If reporting like this is a little funny, it’s also pretty misleading. For one, the jury is still out as to whether testosterone’s role in the immune system is purely that of a suppressant; the likelier scenario is that its function is more complicated, contingent on a variety of factors that still aren’t fully understood. For another, one of the recent studies that has been cited as offering evidence of a direct link between T and coronavirus in fact does nothing of the kind.

In April 2020, an oncology research team published a paper that studies susceptibility to COVID among cancer and non-cancer patients in Veneto, Italy. The authors found that androgen-deprivation therapies (ADT) reduced the risk of SARS-CoV-2 infection in men with prostate cancer, prompting Fortune to run an article titled “Therapy to reduce men’s testosterone seen as promising coronavirus treatment.” Fortune’s headline is obviously compelling, but it also jumps the gun. This study considers androgens generally and doesn’t once mention testosterone by name; androgens, it’s worth noting, are produced by all bodies, not just “men’s”; the study finds only an indirect link between COVID and androgens, which regulate the transcription of a particular protein that seems to be the real cause of “increased susceptibility of men” to SARS-CoV-2; and it further concludes that other steroid hormones, including estrogen, might also enhance that protein’s expression (Montopoli et al). In short, testosterone is just one small piece in the complicated puzzle of coronavirus infection trends.

So what exactly is going on here? Why has testosterone been so insistently tied to the spread of a disease that it may not directly or exclusively affect? Answers to these questions might be found in Testosterone: An Unauthorized Biography (Harvard UP, 2019). A recent work of groundbreaking social-scientific archaeology by Rebecca Jordan-Young and Katrina Karkazis, Testosterone digs up decades of dirt on T, reexamining the scientific literature and cultural narratives that have conspired to bring T’s “authorized biography” into being.

The standard account of testosterone, as Jordan-Young and Karkazis convincingly demonstrate, is fueled at all turns by a potent cocktail of dubious data, acrobatic analytics, and persistent social stereotypes. They call this combination “T talk,” designating a “web of direct claims and indirect associations” that “weaves folklore into science, as scientific claims about T seemingly validate cultural beliefs about the structure of masculinity and the ‘natural’ relationship between women and men” (10). The problem with these claims and beliefs, of course, is that they’re frequently ill-founded, misguided, or just plain wrong.

Some of the first T myths that Jordan-Young and Karkazis debunk are also the most fundamental. One involves the “sex hormone concept,” the widely accepted “fact” that testosterone is the male sex hormone and estrogen its opposing female counterpart (10). This concept has been invalidated by abundant research proving, for starters, that female bodies naturally produce T—and that male bodies generate estrogen as well. What’s more, Jordan-Young and Karkazis challenge the very idea that there is any one testosterone. “T as a singular chemical structure exists only in the abstract,” they propose: not only can it be found throughout all human bodies, but it’s also in perpetual flux, a different molecule altogether depending on a range of criteria—where it’s present in the body, the time of day, where the subject lives, their health, their age. Far from the monolithic entity it’s so often made out to be, T is a fluid and inconsistent “multiplicity” (25).

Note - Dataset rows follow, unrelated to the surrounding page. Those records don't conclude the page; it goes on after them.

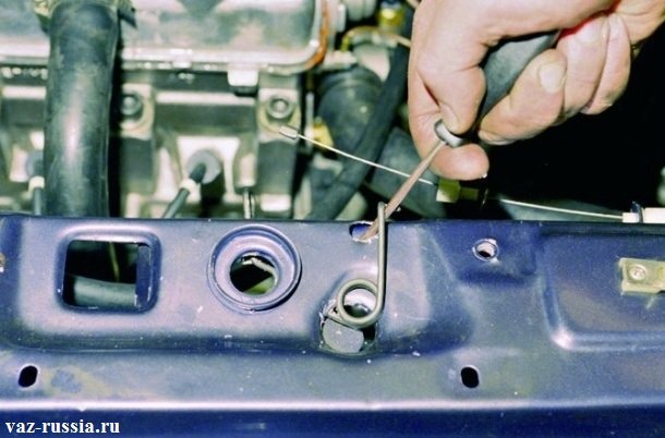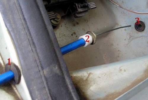 5) Теперь переберитесь к подкапотному пространству, и в моторный отсек выведите трос привода.
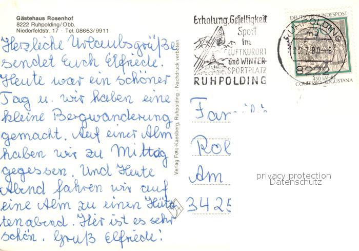 73066578 alte Postkarte Ruhpolding Panorama Gaestehaus Rosenhof Garten postalisch gelaufen Erhaltung siehe scans [WerneD78] KatCode: 11110009189140
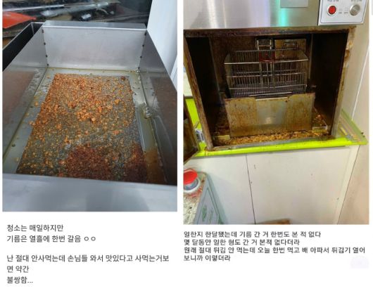A씨는 “최소한 한 달 동안은 (튀김기를) 안 닦았다”며 “기름도 일주일에 한 번 정도 갈았다. 사장은 별로 신경을 안 쓰더라. 도대체 왜 이걸 이렇게 내버려두는지 옳지 않다는 생각이 들었다”고 말했다.
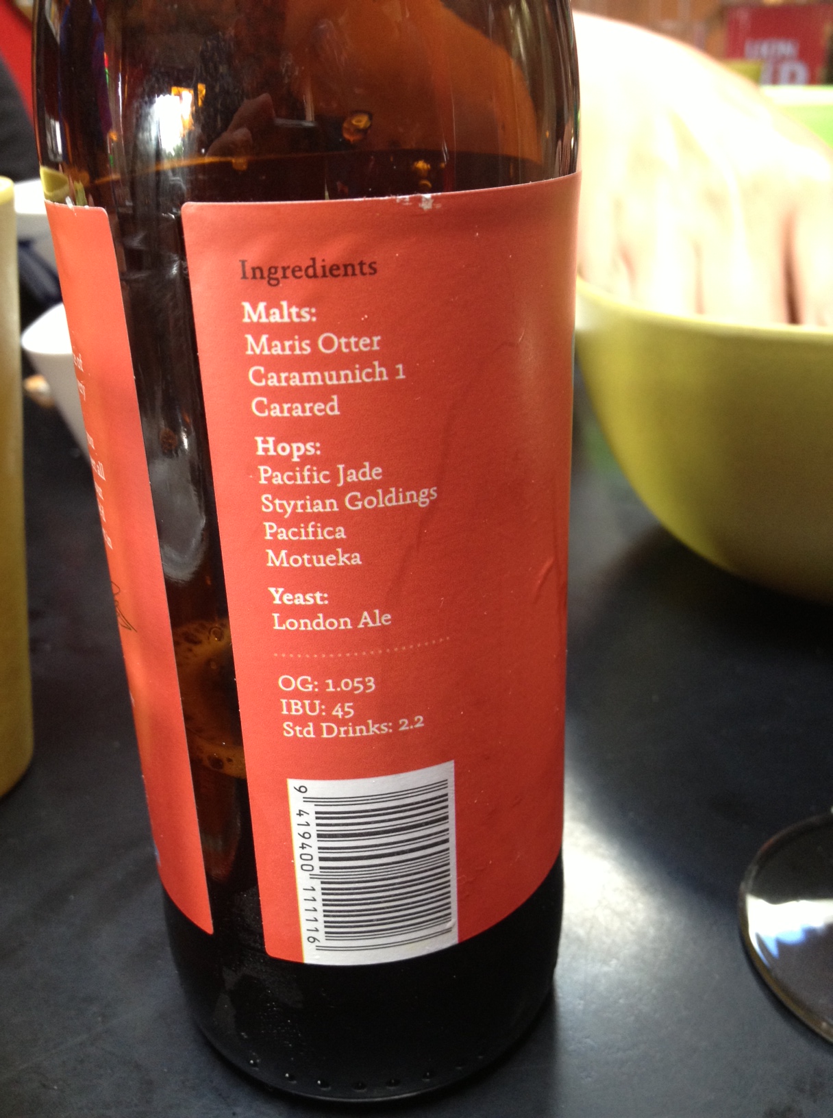 His Red IPA was his biggest success so far, and it was delicious. He called it a “bit of a muck about”, but this lovely dark amber beer is sharp and resiny smelling, and has a great balanced taste from dry hopping with Simcoe and Cascade hops and mellowing it with Gladfield malt from Canterbury.
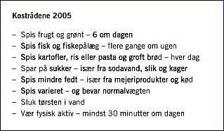 <li>Astrup A, Andersen NL, Stender S et al. Kostrådene 2005. Publ. nr. 36. København: Ernæringsrådet, 2005.</li>
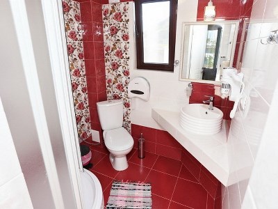 Во всех номерах гостевого дома есть бесплатный Wi-Fi, холодильник, кондиционер, телевизор, фен, чайник и посуда. 2-х местный номер - максимум человек – 2, площадь номера - 17 кв.м. В номерах на первом этаже (коричневого цвета) - уютная, индивидуальная терраса со столиком для отдыха. На втором этаже (сиреневые номера), в сан.узлах душевая кабинка, сан.узел чуть меньше, в этих номерах есть балкон с видом на Кара-Даг. В номере: уютная мебель; телевизор; холодильник; кондиционер; фен; электрочайник; набор посуды(тарелки, чашки, вилки, нож, штопор, доска), санузел (душ, туалет, умывальник); балкон(терраса). 3-х местный номер - максимум человек – 3. Номер расположен на первом этаже, таких номеров всего два. Возле номера есть терраса со столом и стульями. В номере 2 односпальные кровати с ортопедическими матрацами и двуспальный диван, который при необходимости можно использовать как двуспальную кровать. Площадь номера с санузлом 18 кв.м. Рядом с номером есть детская площадка. В номере: 2 односпальные кровати с ортопедическим матрацем; раскладной диван; телевизор; холодильник; кондиционер; фен; набор посуды; электрочайник; санузел (душ, туалет, умывальник); терраса. 2-х комнатный номер с кухней - максимум человек – 4, площадь номера - 35 кв.м. В номере две комнаты: спальня с выходом на балкон откуда видно море и Кара-Даг, и кухня. На кухне есть двуспальный диван и кухонная мебель с необходимой посудой. Номер рассчитан на 3-4 человека. Номер расположен на 3-м этаже. В номере: уютная мебель; оборудованная кухня; 2 LCD телевизора; холодильник; 2 кондиционера; фен; электрочайник; санузел (душевая кабинка, туалет, умывальник); балкон. Коттедж - максимум человек – 7, площадь номера - 89 кв.м. В коттедже - 2 этажа. Общая площадь с террасой 89 кв.м. Сдается под ключ на одну или несколько семей из 6-7 человек. |
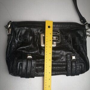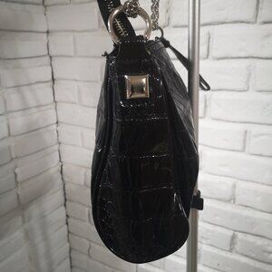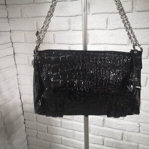 Guess Ladies Black Faux Leather Zipper Closure Chain Straps Hand/Shoulder Bag
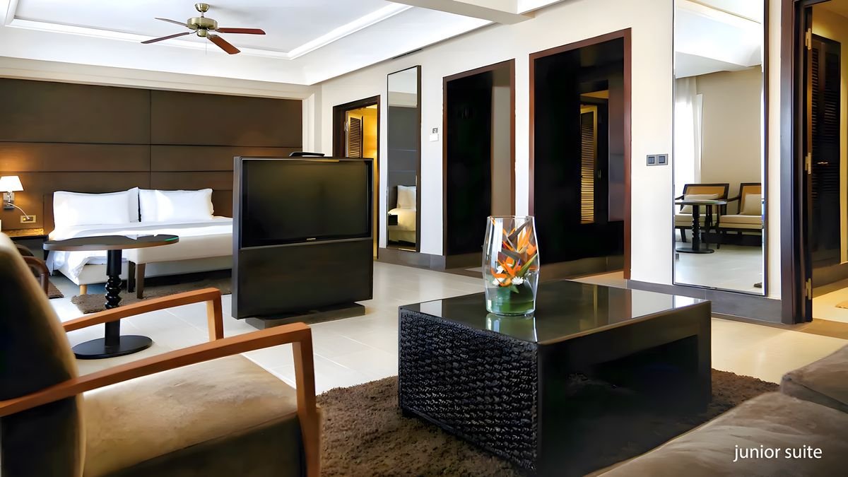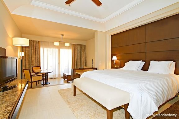 standardowy: 2-os. (możliwość 1 dostawki dla os. dorosłej lub 2 dostawek dla dzieci), ok. 45 m², elegancki, klimatyzowany (w sezonie letnim), łazienka (wanna lub prysznic, wc; suszarka), internet bezprzewodowy, telewizja satelitarna, telefon, sejf, minibar, zestaw do kawy/herbaty; balkon lub taras (stolik i krzesełka); widok na basen za dopłatą; junior suite: 2-os. (możliwość 1 dostawki dla dziecka), ok. 80 m2, optycznie wydzielona część dzienna, wyposażenie jak w pokoju standardowym; balkon lub taras (stolik i krzesełka); widok na morze za dopłatą; junior suite za dopłatą.
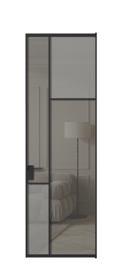 Каждая дверь изготавливается индивидуально по точным замерам*. Возможная ширина двери 600–950 мм с шагом 50 мм. Высота двери — от 2000–3000 мм с шагом 10 мм. Доступно решение «дверь в потолок».

Jordan-Young and Karkazis are hardly the first scholars to undermine these particular takes on testosterone. The real originality of Testosterone lies ahead, in their systematic takedown of other persistent myths about T. Dedicating each chapter to a different facet of T’s familiar narrative—from reproduction, violence, and power to risk-taking, parenting, and athleticism—the authors show how discourse on T became crowded with “zombie facts”: unsubstantiated yet indestructible ideas “that seemingly can’t be killed with new research or even new models that would make old research irrelevant or subject to new interpretations” (54). In other words, they aren’t just interested in telling readers that we’ve gotten T all wrong; more importantly, they want to show us how the story went awry—and why.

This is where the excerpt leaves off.